Emanuel Levinas analisa o tratado Yoma, um estudo talmúdico sobre o tema do perdão: “Se um homem comete uma falta com relação a outro homem e o apazigua, Deus perdoará; mas se a falta se refere a Deus quem poderá interceder por ele a não ser o arrependimento e as boas ações”. O autor grifa o final da frase. O texto é claro. Em relação ao próximo, Deus não interfere. Em relação a Ele, também não. É a própria pessoa que se transforma em agente de seu perdão através da atitude que toma para com o outro. Nada de conversas facilitadoras. Sem perdão antecipado, o homem se percebe solitário em sua responsabilidade frente ao outro. A idéia dos “eles não sabem o que fazem” cai por terra. A Torá prefere a prática de uma responsabilidade que, não se restringe aos hebreus. Ela inclui, na mesma exigência, o estrangeiro que mora junto à porta daquele que sabe dos mandamentos. Uma religião para adultos, como repete Lévinas em várias ocasiões.

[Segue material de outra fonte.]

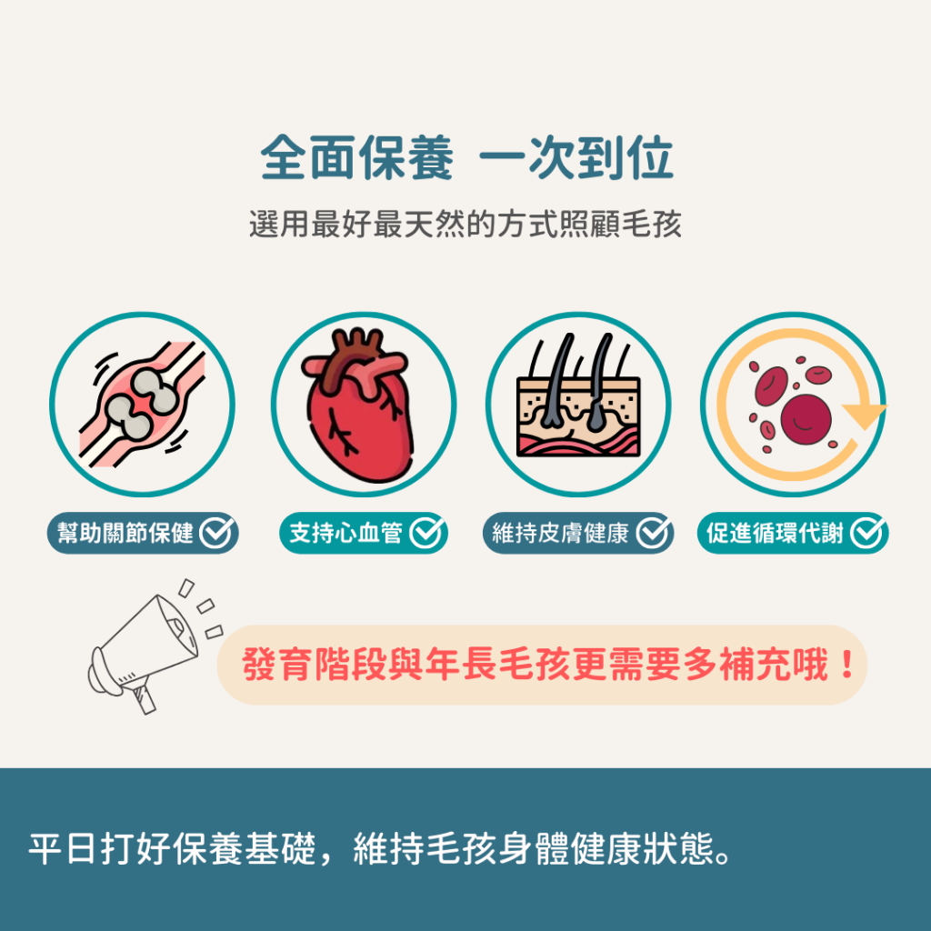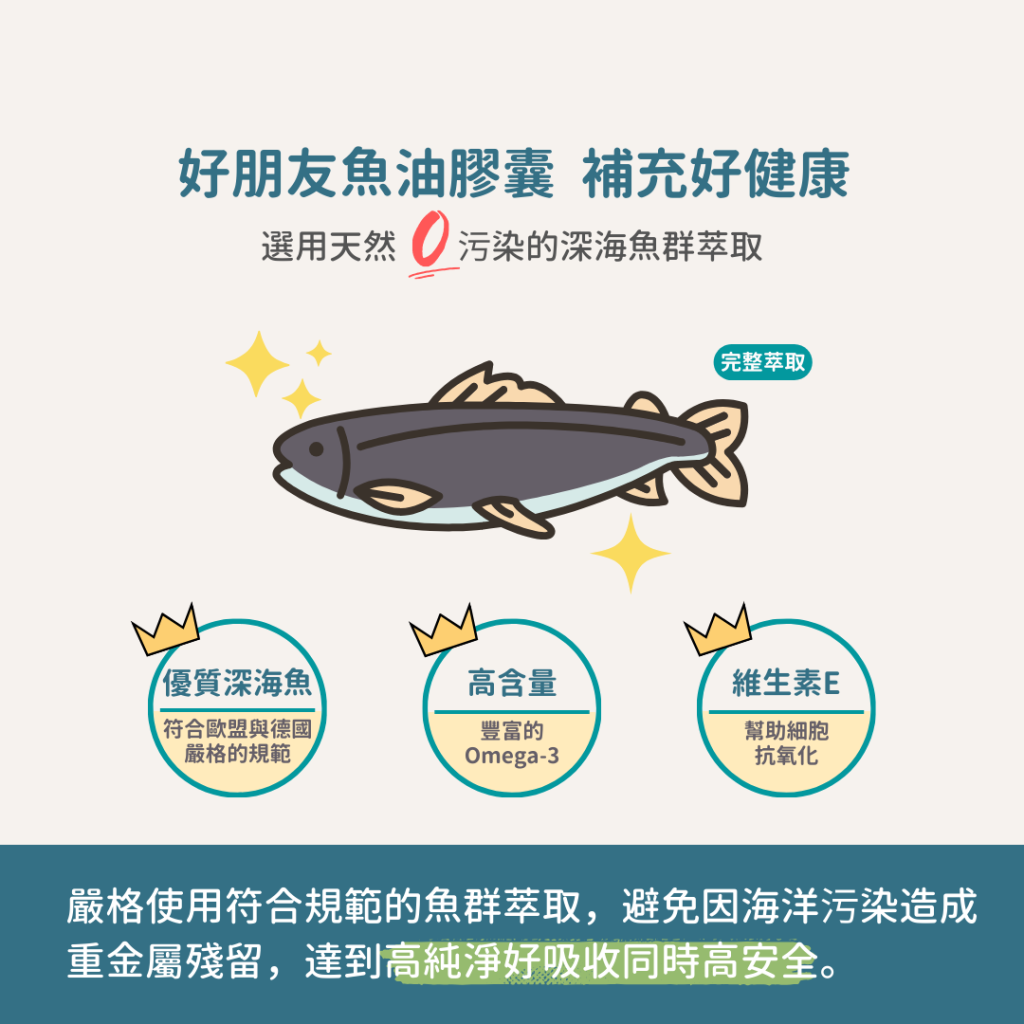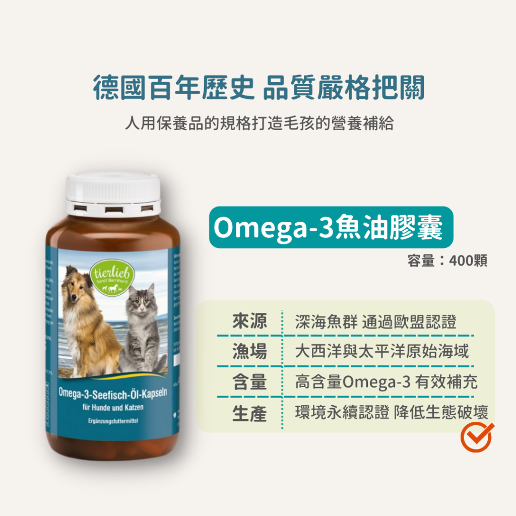 德國動物好朋友魚油萃取自大西洋與太平洋無污染深海魚群,含有豐富Omega-3脂肪酸,並包含有了EPA二十碳五烯酸(18%)和DHA二十二碳六烯酸(12%),這些重要的脂肪酸無法透過體內合成或自行製造,對貓狗而言非常重要不可缺少。特別是在成長發育的階段中,EPA和DHA能夠支持正常發育,提供養分以及維持正常的脂肪代謝,從而提供足夠的能量。不論是發育階段的幼犬、幼或是高齡犬貓,補充EPA和DHA可以為皮膚、心臟、循環代謝提供重要的營養。

“Pode-se perdoar muitos alemães, mas alguns alemães são difíceis de perdoar. É difícil perdoar Heidegger... de liberá-lo de sua responsabilidade”. Embora considerasse Heidegguer o maior filósofo desde Platão,Emanuel L,evinas nunca abandonou esta opiniâo sobre o grande pensador. É na esteira de opiniões como estas que surgem perguntas Quando os representantes das comunidades judaicas brasileiras reagem tardiamente, e com muita discriçao para não chamar a atenção, às comparaçoes que fez Bolsonaro entre o nazismo e socialismo. Quando eles fingem esquecer as dezenas de milhares de judeus pertencentes ao BUND, o movimento operário judeu do leste europeu, aprisionados e mortos pelos alemães “socialistas”. Quando o embaixador de Israel corre para justificar Bolsonaro em seu proprio twitter, ele quer se opor ao Presidente Rivlin. A quem, teoricamente, representa. Rivlin havia declarado de maneira incisiva, que, nenhum interesse politico pode acobertar a violencia das afirmaçoes do presidente do Brasil. Refería-se a Netaniau. E também ao tema do esquecimento e do perdão que Bolsoando levantou diante dos seus aliados evangélicos.
Quando os descendentes de tantos assassinados se fazem de desentendidos, quem intercederá por eles no Dia do Perdão?